[INPUT DATA Boundary: Start]

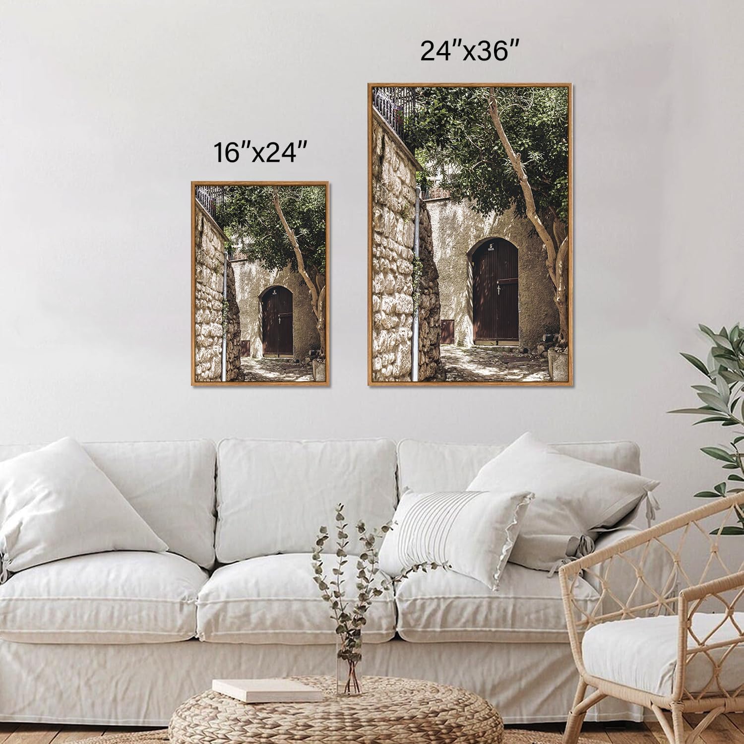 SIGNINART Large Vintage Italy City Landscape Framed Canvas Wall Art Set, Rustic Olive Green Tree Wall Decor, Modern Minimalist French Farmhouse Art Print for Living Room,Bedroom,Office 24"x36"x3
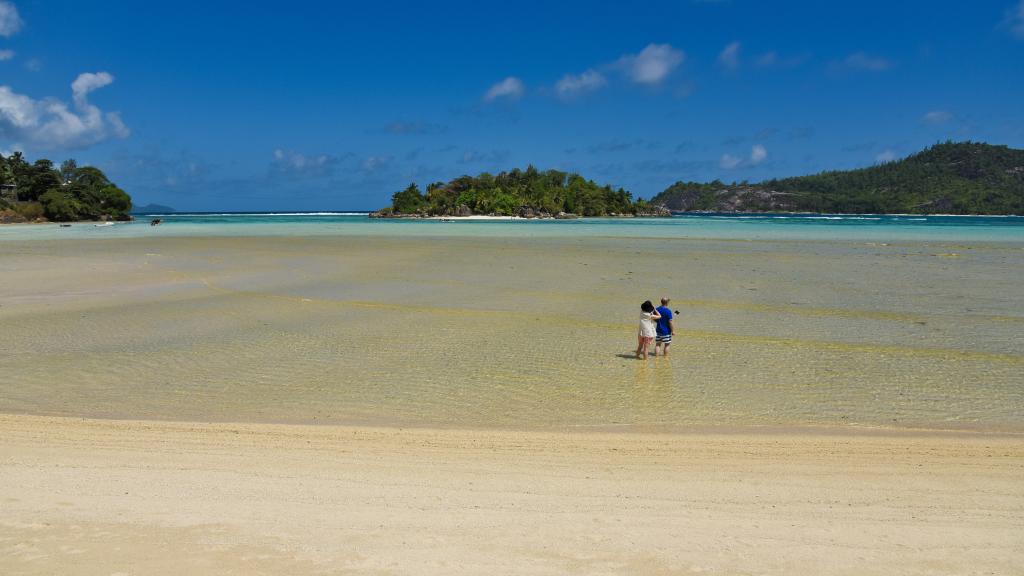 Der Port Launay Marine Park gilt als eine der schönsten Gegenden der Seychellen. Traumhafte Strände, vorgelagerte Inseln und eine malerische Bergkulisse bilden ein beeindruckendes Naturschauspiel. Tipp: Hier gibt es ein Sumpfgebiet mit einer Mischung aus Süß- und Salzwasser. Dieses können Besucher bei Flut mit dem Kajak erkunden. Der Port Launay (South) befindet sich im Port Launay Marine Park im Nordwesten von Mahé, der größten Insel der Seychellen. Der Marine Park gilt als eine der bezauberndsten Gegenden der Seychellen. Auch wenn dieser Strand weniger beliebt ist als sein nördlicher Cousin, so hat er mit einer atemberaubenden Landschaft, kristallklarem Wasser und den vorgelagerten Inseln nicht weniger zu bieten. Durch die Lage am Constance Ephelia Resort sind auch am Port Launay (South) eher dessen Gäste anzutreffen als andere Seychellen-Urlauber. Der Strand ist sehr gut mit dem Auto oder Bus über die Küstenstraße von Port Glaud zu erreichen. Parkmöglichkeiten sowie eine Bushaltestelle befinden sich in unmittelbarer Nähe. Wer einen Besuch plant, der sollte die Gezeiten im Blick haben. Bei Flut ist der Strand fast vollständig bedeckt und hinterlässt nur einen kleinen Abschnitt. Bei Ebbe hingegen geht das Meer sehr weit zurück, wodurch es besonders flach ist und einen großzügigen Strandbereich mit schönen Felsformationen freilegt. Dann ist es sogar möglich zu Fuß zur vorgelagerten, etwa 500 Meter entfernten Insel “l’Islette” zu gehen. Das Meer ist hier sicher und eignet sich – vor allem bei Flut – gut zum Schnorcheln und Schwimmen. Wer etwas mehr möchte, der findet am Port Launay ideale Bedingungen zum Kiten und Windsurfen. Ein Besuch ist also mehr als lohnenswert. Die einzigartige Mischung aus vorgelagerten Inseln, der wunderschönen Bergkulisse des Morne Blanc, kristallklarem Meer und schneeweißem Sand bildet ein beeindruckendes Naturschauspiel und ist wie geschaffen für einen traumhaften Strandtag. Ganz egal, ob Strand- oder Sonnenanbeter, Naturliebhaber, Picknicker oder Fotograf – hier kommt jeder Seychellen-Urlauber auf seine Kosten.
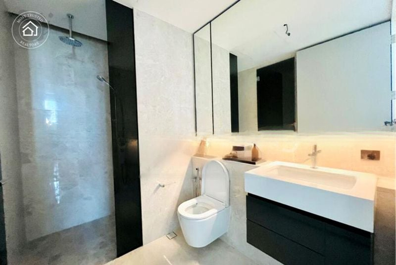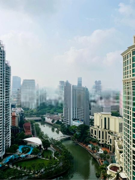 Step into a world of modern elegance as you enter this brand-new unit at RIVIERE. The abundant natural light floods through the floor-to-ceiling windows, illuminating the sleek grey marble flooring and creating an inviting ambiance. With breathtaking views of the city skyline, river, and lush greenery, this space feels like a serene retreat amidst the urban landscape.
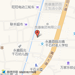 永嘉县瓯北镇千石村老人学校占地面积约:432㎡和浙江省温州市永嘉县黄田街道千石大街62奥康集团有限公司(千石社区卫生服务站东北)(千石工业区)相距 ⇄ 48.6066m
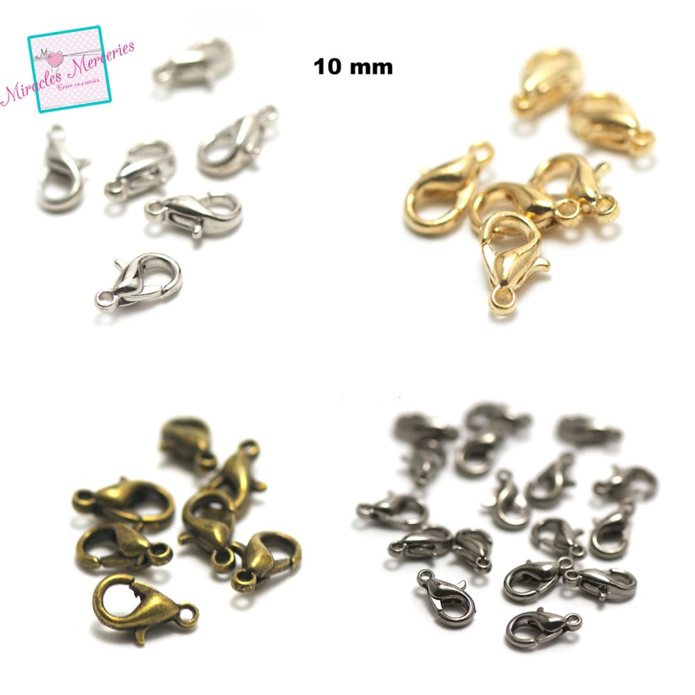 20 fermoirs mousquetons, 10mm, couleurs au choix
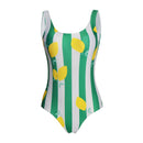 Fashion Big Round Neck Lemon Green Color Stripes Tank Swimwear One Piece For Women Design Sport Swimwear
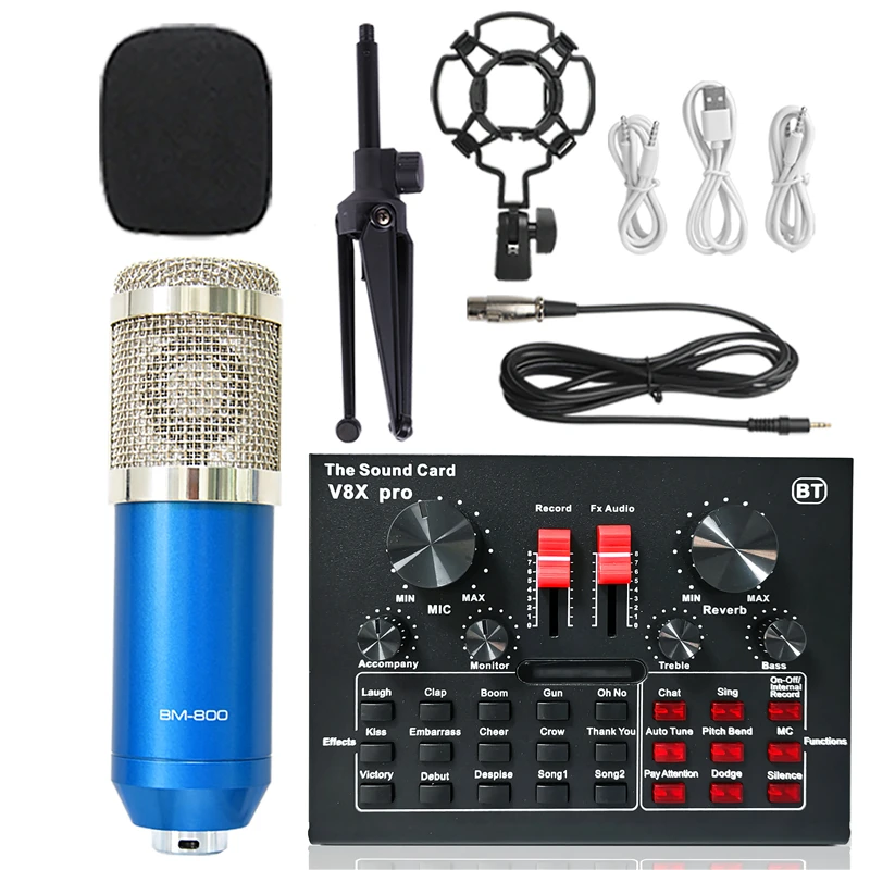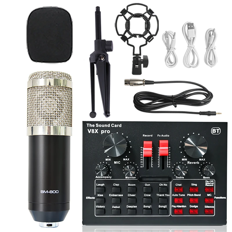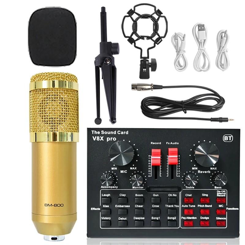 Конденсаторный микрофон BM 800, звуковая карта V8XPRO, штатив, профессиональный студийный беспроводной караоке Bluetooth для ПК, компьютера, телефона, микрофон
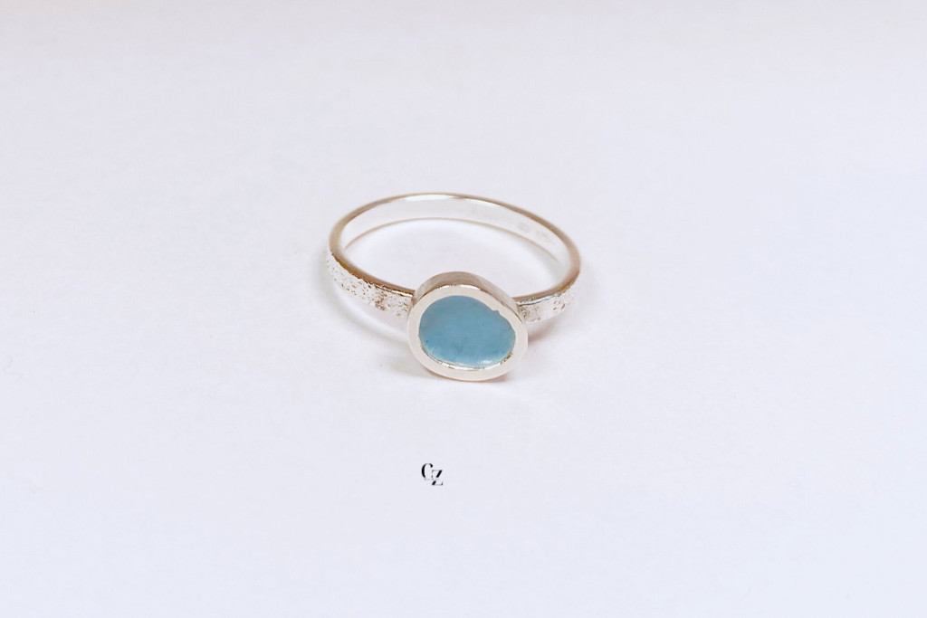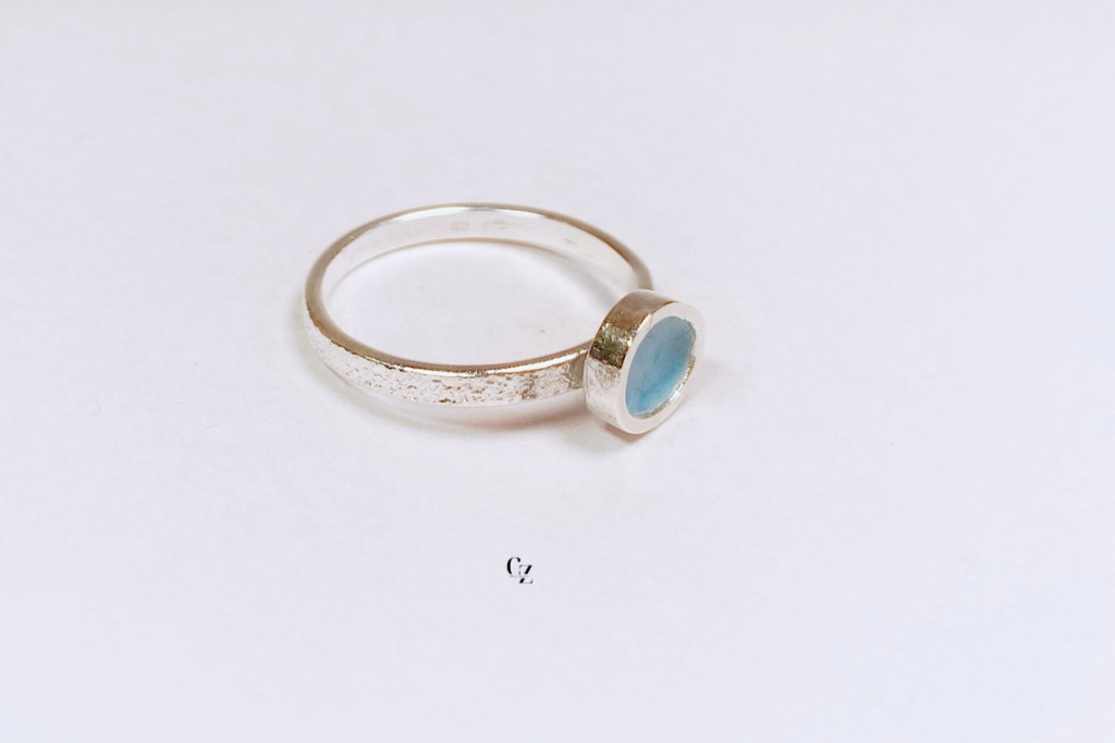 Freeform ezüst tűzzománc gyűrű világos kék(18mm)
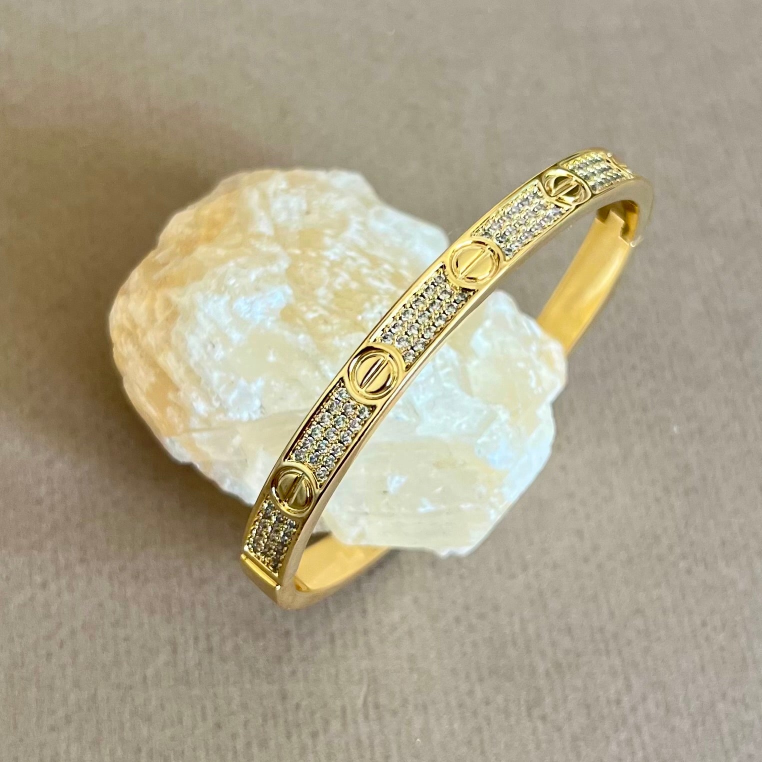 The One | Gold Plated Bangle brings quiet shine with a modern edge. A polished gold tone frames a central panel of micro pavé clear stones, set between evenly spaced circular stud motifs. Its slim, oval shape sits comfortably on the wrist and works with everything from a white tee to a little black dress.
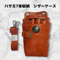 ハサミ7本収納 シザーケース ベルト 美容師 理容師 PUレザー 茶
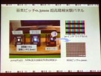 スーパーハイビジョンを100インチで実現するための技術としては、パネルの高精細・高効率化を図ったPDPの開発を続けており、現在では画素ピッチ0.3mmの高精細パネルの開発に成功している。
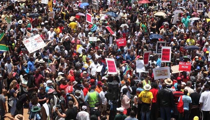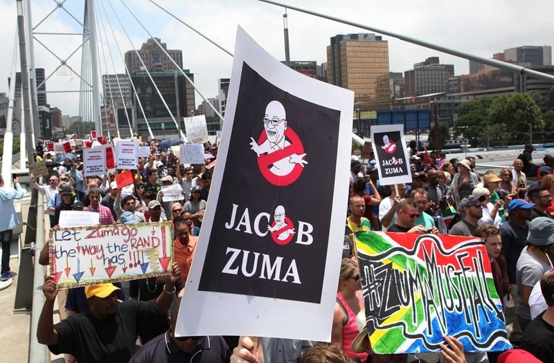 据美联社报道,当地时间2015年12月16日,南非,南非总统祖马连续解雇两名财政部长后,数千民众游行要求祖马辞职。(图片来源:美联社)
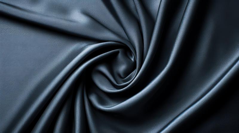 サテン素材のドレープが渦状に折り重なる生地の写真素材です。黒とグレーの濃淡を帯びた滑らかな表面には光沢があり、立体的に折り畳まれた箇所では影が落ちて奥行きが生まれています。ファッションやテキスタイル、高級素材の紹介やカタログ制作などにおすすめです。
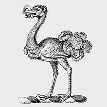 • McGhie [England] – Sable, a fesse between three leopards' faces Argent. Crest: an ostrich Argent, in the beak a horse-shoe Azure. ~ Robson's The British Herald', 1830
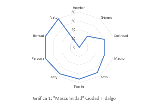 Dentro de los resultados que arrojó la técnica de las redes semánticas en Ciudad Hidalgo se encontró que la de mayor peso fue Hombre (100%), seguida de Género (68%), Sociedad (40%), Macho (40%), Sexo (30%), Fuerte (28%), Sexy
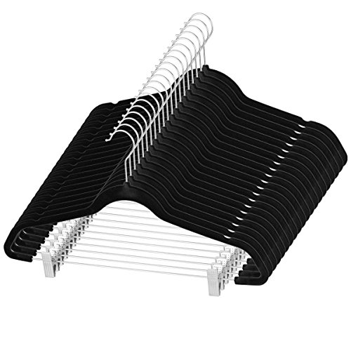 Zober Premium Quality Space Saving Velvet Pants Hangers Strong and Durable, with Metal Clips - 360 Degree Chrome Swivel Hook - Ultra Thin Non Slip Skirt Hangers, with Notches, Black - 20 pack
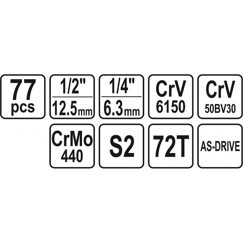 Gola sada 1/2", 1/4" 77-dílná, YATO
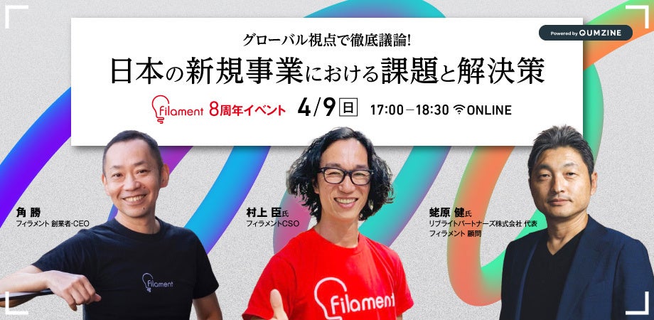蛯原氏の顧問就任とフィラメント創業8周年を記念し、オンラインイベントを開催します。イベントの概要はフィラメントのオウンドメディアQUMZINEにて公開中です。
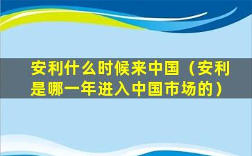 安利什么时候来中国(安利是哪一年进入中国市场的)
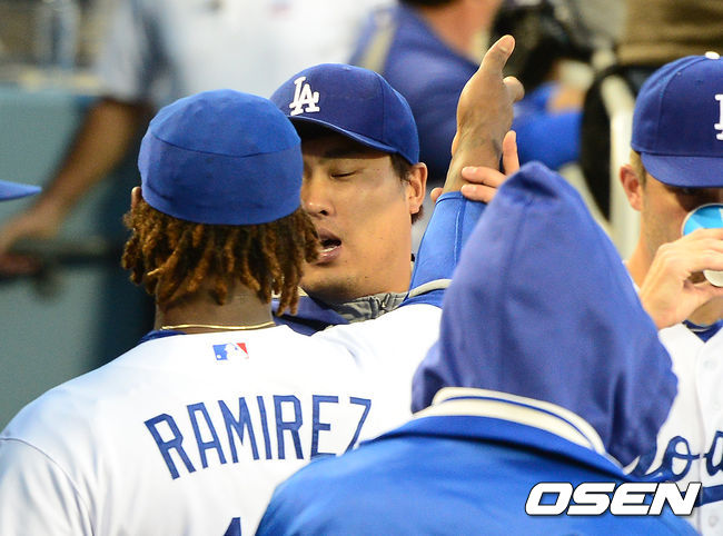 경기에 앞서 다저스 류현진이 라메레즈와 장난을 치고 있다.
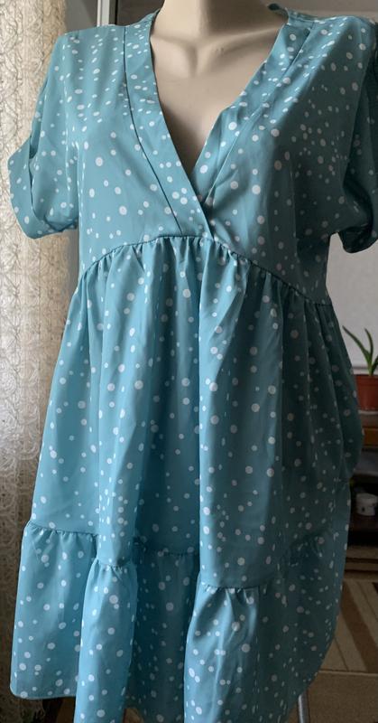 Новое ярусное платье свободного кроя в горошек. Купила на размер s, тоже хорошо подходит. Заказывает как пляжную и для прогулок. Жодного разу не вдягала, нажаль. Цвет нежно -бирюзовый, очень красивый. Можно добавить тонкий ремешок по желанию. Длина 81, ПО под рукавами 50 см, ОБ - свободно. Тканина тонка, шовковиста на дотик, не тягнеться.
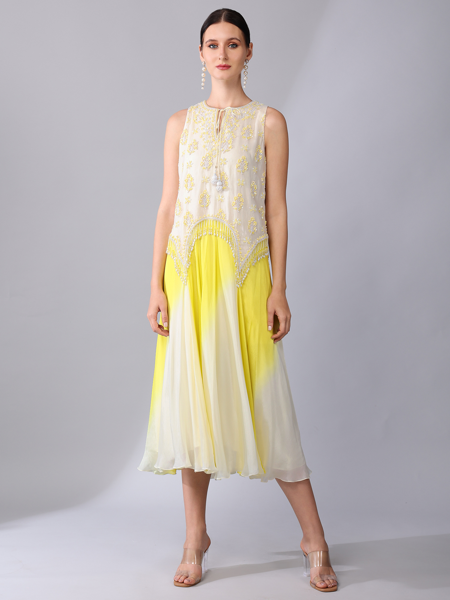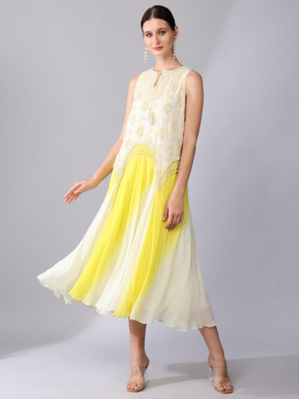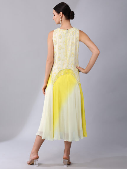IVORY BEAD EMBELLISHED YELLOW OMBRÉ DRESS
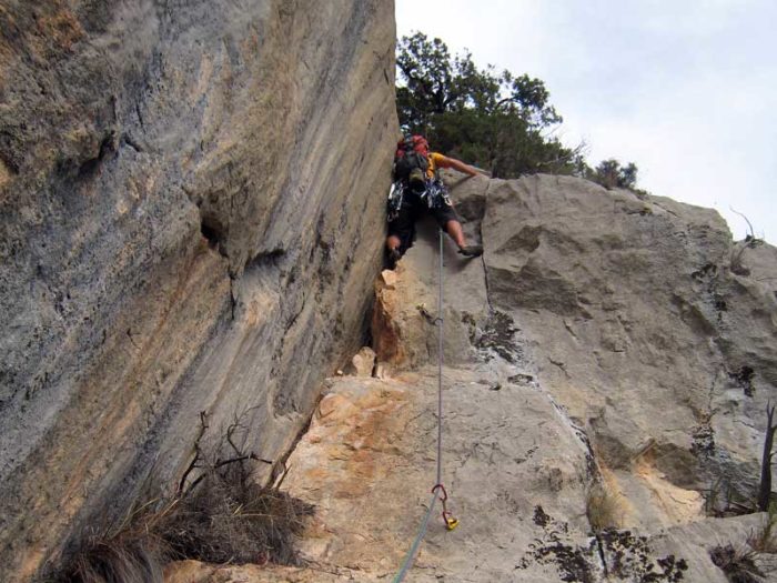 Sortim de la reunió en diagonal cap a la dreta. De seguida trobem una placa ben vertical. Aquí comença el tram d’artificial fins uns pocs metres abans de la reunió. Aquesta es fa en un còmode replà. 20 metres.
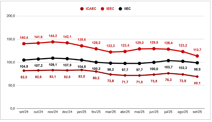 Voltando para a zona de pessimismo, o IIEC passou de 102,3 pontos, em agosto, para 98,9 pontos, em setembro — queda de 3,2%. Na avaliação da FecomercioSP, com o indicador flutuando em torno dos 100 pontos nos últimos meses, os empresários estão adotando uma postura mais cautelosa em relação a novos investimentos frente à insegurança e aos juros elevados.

[INPUT DATA Boundary: End]

**EXERCISE DIRECTIONS:** Write out word for word the lines above that run from the one with "The One | Gold" to the one with "IVORY BEAD EMBELLISHED YELLOW OMBRÉ DRESS". Include both end lines; exclude the images.

**ANSWER TO THIS PROBLEM:**
 The One | Gold Plated Bangle brings quiet shine with a modern edge. A polished gold tone frames a central panel of micro pavé clear stones, set between evenly spaced circular stud motifs. Its slim, oval shape sits comfortably on the wrist and works with everything from a white tee to a little black dress.
 ハサミ7本収納 シザーケース ベルト 美容師 理容師 PUレザー 茶
 スーパーハイビジョンを100インチで実現するための技術としては、パネルの高精細・高効率化を図ったPDPの開発を続けており、現在では画素ピッチ0.3mmの高精細パネルの開発に成功している。
 据美联社报道,当地时间2015年12月16日,南非,南非总统祖马连续解雇两名财政部长后,数千民众游行要求祖马辞职。(图片来源:美联社)
 サテン素材のドレープが渦状に折り重なる生地の写真素材です。黒とグレーの濃淡を帯びた滑らかな表面には光沢があり、立体的に折り畳まれた箇所では影が落ちて奥行きが生まれています。ファッションやテキスタイル、高級素材の紹介やカタログ制作などにおすすめです。
 • McGhie [England] – Sable, a fesse between three leopards' faces Argent. Crest: an ostrich Argent, in the beak a horse-shoe Azure. ~ Robson's The British Herald', 1830
 Dentro de los resultados que arrojó la técnica de las redes semánticas en Ciudad Hidalgo se encontró que la de mayor peso fue Hombre (100%), seguida de Género (68%), Sociedad (40%), Macho (40%), Sexo (30%), Fuerte (28%), Sexy
 Zober Premium Quality Space Saving Velvet Pants Hangers Strong and Durable, with Metal Clips - 360 Degree Chrome Swivel Hook - Ultra Thin Non Slip Skirt Hangers, with Notches, Black - 20 pack
 Gola sada 1/2", 1/4" 77-dílná, YATO
蛯原氏の顧問就任とフィラメント創業8周年を記念し、オンラインイベントを開催します。イベントの概要はフィラメントのオウンドメディアQUMZINEにて公開中です。
 安利什么时候来中国(安利是哪一年进入中国市场的)
 경기에 앞서 다저스 류현진이 라메레즈와 장난을 치고 있다.
 Новое ярусное платье свободного кроя в горошек. Купила на размер s, тоже хорошо подходит. Заказывает как пляжную и для прогулок. Жодного разу не вдягала, нажаль. Цвет нежно -бирюзовый, очень красивый. Можно добавить тонкий ремешок по желанию. Длина 81, ПО под рукавами 50 см, ОБ - свободно. Тканина тонка, шовковиста на дотик, не тягнеться.
IVORY BEAD EMBELLISHED YELLOW OMBRÉ DRESS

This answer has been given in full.